There have always at the same time been reasons of hope and reasons of concern in the Irish Church.  It will always be so.  We have to prove wrong the doomsayers both inside and outside the Church, both conservatives and traditionalists.  Gaudet Mater Ecclesia: gloom about the Church and its future – from whatever side – can very often be a sign of a faith that is weak.

Gaudet, rejoice: but be realistic.  Our rejoicing about the Irish Church must be kept within the limits of realism and realistic analysis. The Church needs more than the analysis of spin doctors and public relations gurus.  It is no use rejoicing at every fleeting sign of change or statistic.  Our analysis must go straight to the point.    The real roots of the religious crisis in Ireland are deep and of a different character than many would wish to admit.  They are linked with a crisis of faith, among individuals and within Irish society.
That crisis of faith then manifests itself in a crisis about the Church as an institution within a broader context of a change in the cultural infrastructure which had traditionally sustained the faith of people but which has become much more fragile over the years.  Ireland is a highly secularised society and secularisation should not leave us unmoved.

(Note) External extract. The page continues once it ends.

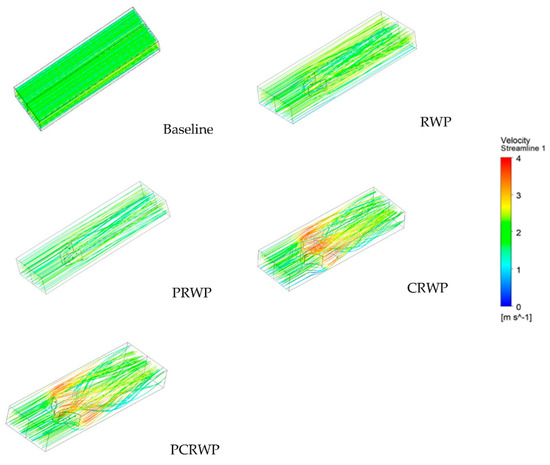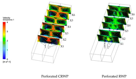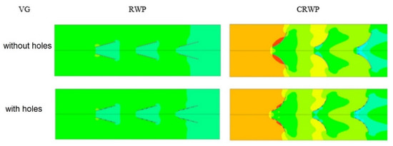 Figure 10 shows the pressure distribution in the area streamwise in a channel mounted with VG for the flow velocity of 2.0 m/s. The installation of VG in the channel obstructs airflow, which impacts on increasing pressure drop due to the formed drag in the flow [26]. Figure 10 shows that CRWP VG results in a greater pressure drop than that of RWP VG because the frontal area of CRWP VG is larger than that of RWP VG. In addition, the holes in VG reduce pressure drop because jet flow removes stagnant fluid in the downstream region of VG, reducing the pressure difference before and after VG [23].

I am not talking about crusading, but we must admit that unfortunately the Church in Ireland was slow and is slow in recognising the fragility of the infrastructure of faith and in many ways continues to think that the challenges of tomorrow can be addressed with the pastoral methods of yesterday.    For their part many well-intentioned outsiders fail to understand the particular characteristics – both historical and contemporary – of the Irish Church and they fail to understand the depths of the current crisis.

The challenge of faith in Ireland can only be addressed by radical efforts of new evangelization.  That new evangelization must however have its own Irish characteristics. The renewal of the Irish Church must be led from within the Irish Church.   It must begin immediately.  There is little time to waste.

Many people are disillusioned by the Church.  It is very hard to underestimate how much the scandals regarding the sexual abuse of children and the manner in which it was dealt with by Church authorities has wounded the Church in Ireland.   I am struck by the effect that these scandals had on young people who find it hard to reconcile what happened within the Church with the Christian message.   The fact that thousands of children were abused within the Church of Jesus Christ in Ireland is a scar that the Church will bear within it for generations to come. There is no way in which what happened to be consigned out of the way into the archives.  The lessons of what happened and how it happened are a vital key to our looking forward to and building the future with hope.

Inevitably the effect of these scandals on some has been an anger on the part of many and by some a complete rejection of the Church and even in some places it has resulted in appeals to remove the Catholic Church presence in society.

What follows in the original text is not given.